Delante de la comitiva iba abriendo paso la banda de guerra al golpeteo de las baquetas sobre los cueros tensados de los tambores. De vez en cuando gritaban sus cornetas. Enseguida, marchando a paso sincronizado de “un dos, un dos”, la guardia de mujeres, todas uniformadas de falda y saco de color azul marino con blusa blanca, y en sus manos guantes de tela blanca; ellas eran de todas las edades, desde niñas hasta adultas y alguna que otra atrevida viejita. Varias banderas y pendones como gigantes despeinados por el aire. La guardia de hombres jalaba las dos sogas para dar tracción a la troca que tenía su motor apagado y la parte de carga descubierta. Ahí, en la parte de atrás, un altar, y en la parte superior del altar, “a Generala”, título concedido a la Virgen de Zapopan. La pequeña imagen de la Virgen casi se perdía entre una pradera de flores. Delante de la troca caminaban con sus hábitos de sayal café los hijos más jóvenes de San Francisco; los viejos o de mayor rango clerical en la cabina de la troca, o atrás en la plataforma. También iban algunos sacerdotes del clero secular. Después del carro de la Virgen, venían los danzantes, y muchos jinetes en sus caballos. Era mucho esfuerzo para unos diez minutos que tardaba en pasar la larga comitiva con la imagen de la Virgen, pero la devoción de los tapatíos justificaba el esfuerzo realizado. En esa tumultuosa romería, siempre algún niño se perdía y siempre sus papás lo encontraban. En cambio, los tres venaditos Vázquez, siempre a la vista de su papá, nunca nos perdimos.

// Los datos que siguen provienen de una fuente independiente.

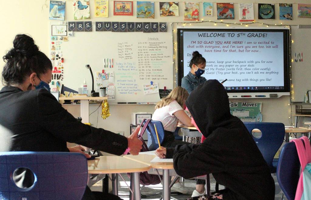 As the fully in-person year begins, students are required to wear masks throughout the day except when playing outside at recess or eating at lunch – seated at least three feet away from each other.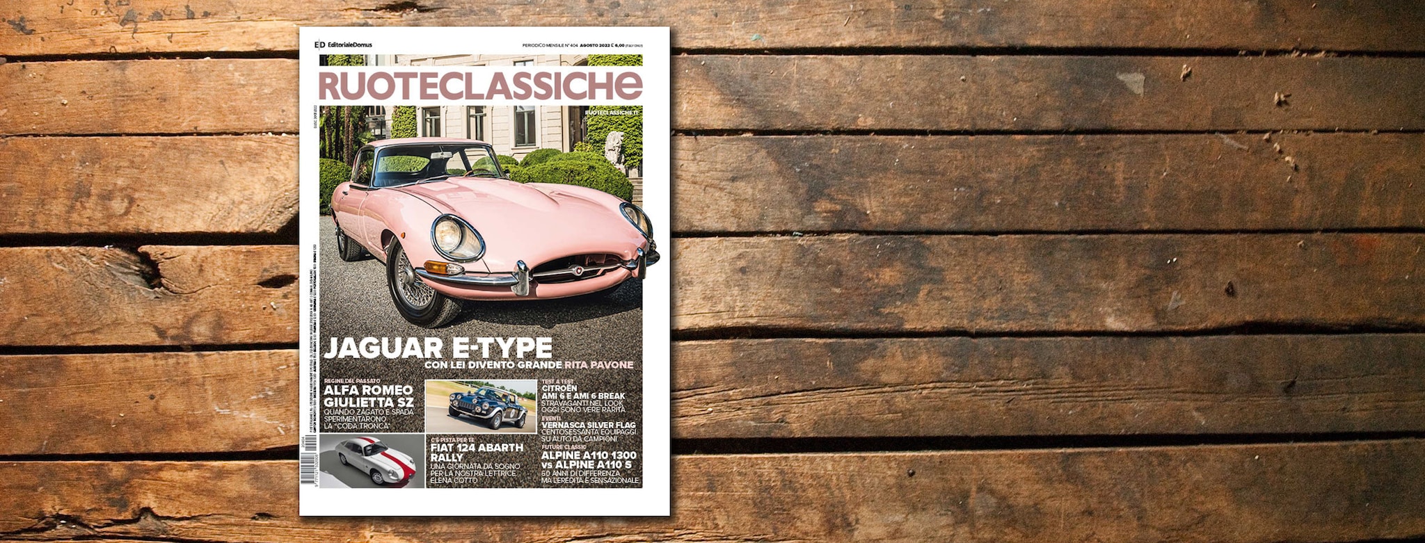 C’è una Jaguar E-Type 4.2 tutta rosa sulla copertina del numero di agosto di Ruoteclassiche in edicola dal 30 luglio (6 euro). Quella Jaguar fu, nel 1966, il regalo di compleanno dei genitori a una già popolarissima Rita Pavone per i suoi 21 anni.

Desde la presa de Zoquipan, a distancia de un kilómetro, al poniente, en lo alto de la loma, se asentaba la Villa de Zapopan, sobresaliendo las dos torres de la basílica, y sus campanas se agitaban haciendo señales de saludos. Los cohetones al aire pregonaban la llegada de la venerada imagen de la Virgen a su propia casa. Flotaba una aureola de palomas espantadas por los truenos, todas circulaban los aires en perfecta sincronía alrededor de los campanarios.

Una vez que pasó la Virgen donde nosotros estábamos, entonces sobre el terreno yermo, los tres hermanitos Vázquez corríamos en las orillas de la presa de Zoquipan. Mi padre, sentado a la sombra de un árbol, disfrutaba de la felicidad de sus hijos. Parecíamos incansables venaditos; pero no, a eso de la una de la tarde, el sol ya estaba en todo lo alto, era la hora de iniciar el tortuoso regreso. En ese lugar donde estábamos no pasaba el transporte público, debido a los romeros que se amontonaban en toda la carretera. Teníamos que caminar pie a suelo para el regreso hasta la calle de Mezquitán, donde llegaban los camiones.

“¡Papá tengo sed, papá tengo sed1”, éramos un coro de tres niños. Ni una llave de agua, ni una soda o refresco, el despiadado sol nos castigaba. Después de unos dos o tres kilómetros y una larga fila logramos subirnos al camión que nos llevaría hasta nuestro barrio de Analco. Por fin ya veníamos de regreso. Sudados, los venaditos estaban exangües. El más chico, Jorge, dormido en la banca del camión. Llegamos a casa y mi mamá, Lolita, mimó a sus venaditos: primero, a empanzarse de agua azucarada con jugo de limón; luego, a comer, y después a dormir un rato por la tarde, y el dormirnos no lo hacíamos por gusto, era por mera necesidad física: los venaditos cansados y desvelados no daban para más.

Esta historia es idéntica a muchas otras historias de tapatíos de esos tiempos de la década de 1950 y también es parecida esta historia a la de los tapatíos de los tiempos actuales. Visiones difuminadas por el tiempo, y hoy que tengo los 65 años en este año de 2015, sólo son recuerdos, recuerdos de mi infancia. Pero hoy me pregunto: ¿dónde está mi mamá, Lolita?, ¿dónde está mi papá, Federico?, ¿y dónde están mis dos hermanos menores, Fernando y Jorge? Todos ya están fallecidos. Ellos ya no pueden dar testimonio de una tradición llena de religiosidad y folclore. Pero yo estoy aquí, hasta hoy presente, y doy constancia de una “llevada de la Virgen de Zapopan” para las generaciones venideras.

Yo, Federico, el Poeta de Analco.



1 El texto fue gentilmente cedido por su autor para publicarse en este Boletín.